DesktopHTMLViewer DocumentBegin & DocumentComplete not firing

In my application I have an in-app browser that opens the link https://music.amazon.com/search to let the user browse Amazon’s playlists.

Then I need to detect when they’re on a playlist page (any url that begins with “https://music.amazon.com/playlists/”) and then give the user the option to tag that playlist in my application.

Problem is, on this site, the DocumentBegin and DocumentComplete events are not firing.

When I browse the same link in a regular browser I can see the URLs changing in the address bar, but the DesktopHTMLViewer does not detect when the user clicks on a link in the page.

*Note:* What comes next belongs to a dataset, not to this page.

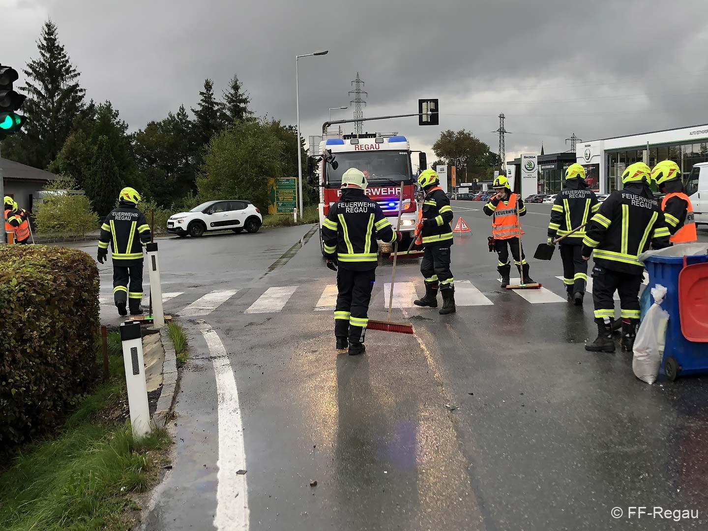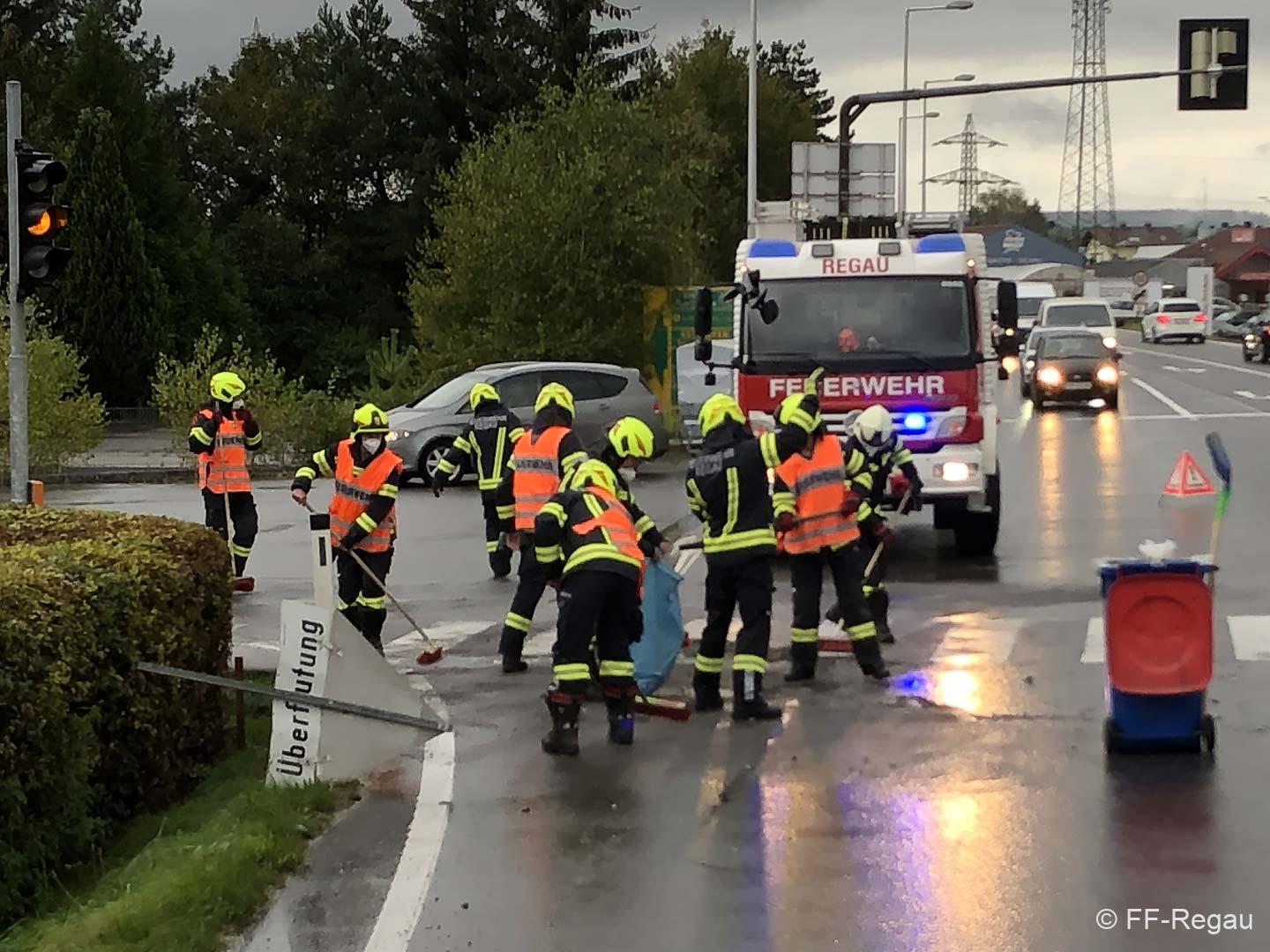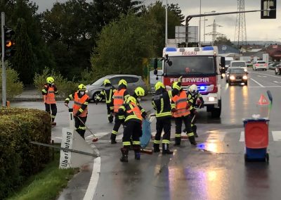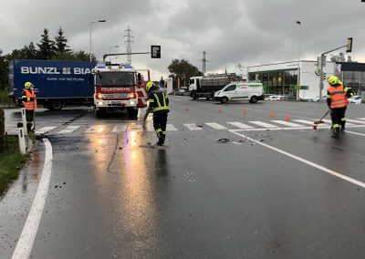 Unsere Aufgabe bestand auch dieses Mal darin, die Unfallstelle von herumliegenden Teilen zu reinigen und ausgeflossene Flüssigkeiten mit Bindemittel zu binden und zu entfernen. Während dieser Arbeiten wurde der Verkehr lokal umgeleitet.

Simple demo project illustrating the problem here.

What’s going on here?

Thanks in advance for any insight.

The demo project is coming up “this file was deleted” but taking a super quick glance at the link you provided, the Amazon music player isn’t actually loading new pages but is using Javascript to change the URL displayed in the browser. This is very common for web applications. It provides a better, more seamless experience for the user.

You might be able to watch for TitleChanged, but you’ll likely have to do some Javascript trickery to get more details from the HTMLViewer.

1 Like

Thanks Tim,

I think I botched the demo project link but you’re probably right, I’ve replicated the problem on literally every music streaming service site I tried. TitleChanged is also a no-go because on some sites, like Deezer, the title remains the same across different pages.

For the time being, I’ve worked around the problem by having a timer track the result of HTMLViewer1.ExecuteJavaScriptSync(“window.location.href”)

But this causes a noticeable increase in CPU activity for my application and I really would like to find a better solution long-term. If anyone has any ideas I’m all ears.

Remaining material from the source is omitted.